(Beginning of The data)

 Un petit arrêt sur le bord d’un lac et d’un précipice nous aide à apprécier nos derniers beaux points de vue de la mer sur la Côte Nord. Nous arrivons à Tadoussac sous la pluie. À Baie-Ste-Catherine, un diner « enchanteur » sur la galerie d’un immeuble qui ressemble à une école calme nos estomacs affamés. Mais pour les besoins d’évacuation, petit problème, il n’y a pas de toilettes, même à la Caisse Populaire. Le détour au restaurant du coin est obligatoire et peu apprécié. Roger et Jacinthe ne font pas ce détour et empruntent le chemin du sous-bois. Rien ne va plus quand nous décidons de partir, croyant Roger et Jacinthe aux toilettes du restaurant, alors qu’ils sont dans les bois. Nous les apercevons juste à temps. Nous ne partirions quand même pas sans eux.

(End of The data)
(Beginning of The data)

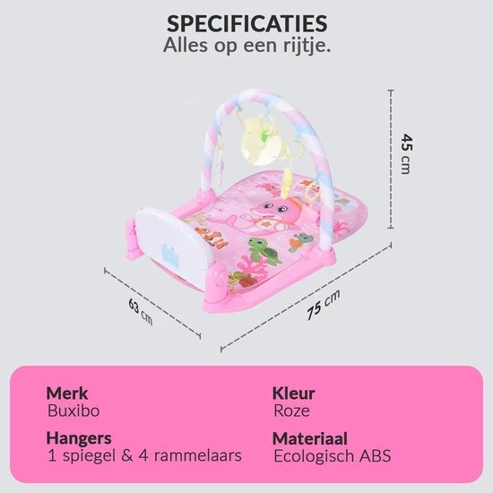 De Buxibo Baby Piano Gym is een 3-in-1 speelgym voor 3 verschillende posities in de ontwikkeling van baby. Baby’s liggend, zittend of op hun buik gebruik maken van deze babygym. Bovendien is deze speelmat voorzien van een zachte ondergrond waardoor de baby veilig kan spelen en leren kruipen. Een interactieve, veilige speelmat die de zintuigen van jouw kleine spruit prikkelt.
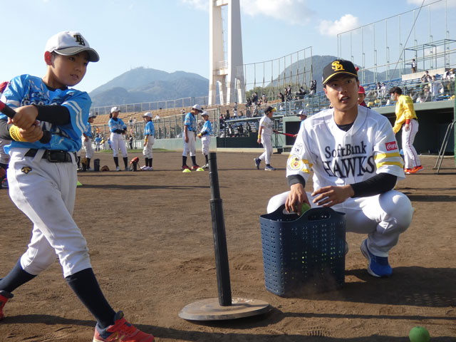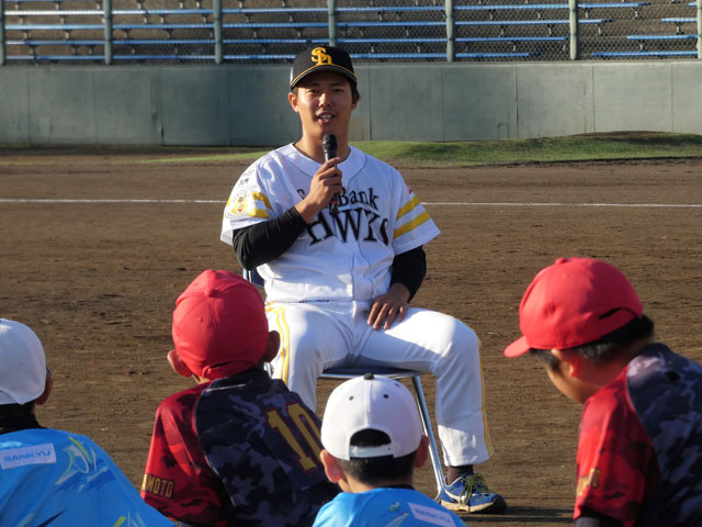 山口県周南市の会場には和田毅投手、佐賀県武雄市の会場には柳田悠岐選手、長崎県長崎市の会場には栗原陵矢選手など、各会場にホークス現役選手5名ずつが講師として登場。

(End of The data)

[Your assignment] Beginning with the line above that contains "De Buxibo Baby" and finishing with the line that contains "山口県周南市の会場には和田毅", print those lines exactly and only. Skip all pictures.

[Task response]
 De Buxibo Baby Piano Gym is een 3-in-1 speelgym voor 3 verschillende posities in de ontwikkeling van baby. Baby’s liggend, zittend of op hun buik gebruik maken van deze babygym. Bovendien is deze speelmat voorzien van een zachte ondergrond waardoor de baby veilig kan spelen en leren kruipen. Een interactieve, veilige speelmat die de zintuigen van jouw kleine spruit prikkelt.
 山口県周南市の会場には和田毅投手、佐賀県武雄市の会場には柳田悠岐選手、長崎県長崎市の会場には栗原陵矢選手など、各会場にホークス現役選手5名ずつが講師として登場。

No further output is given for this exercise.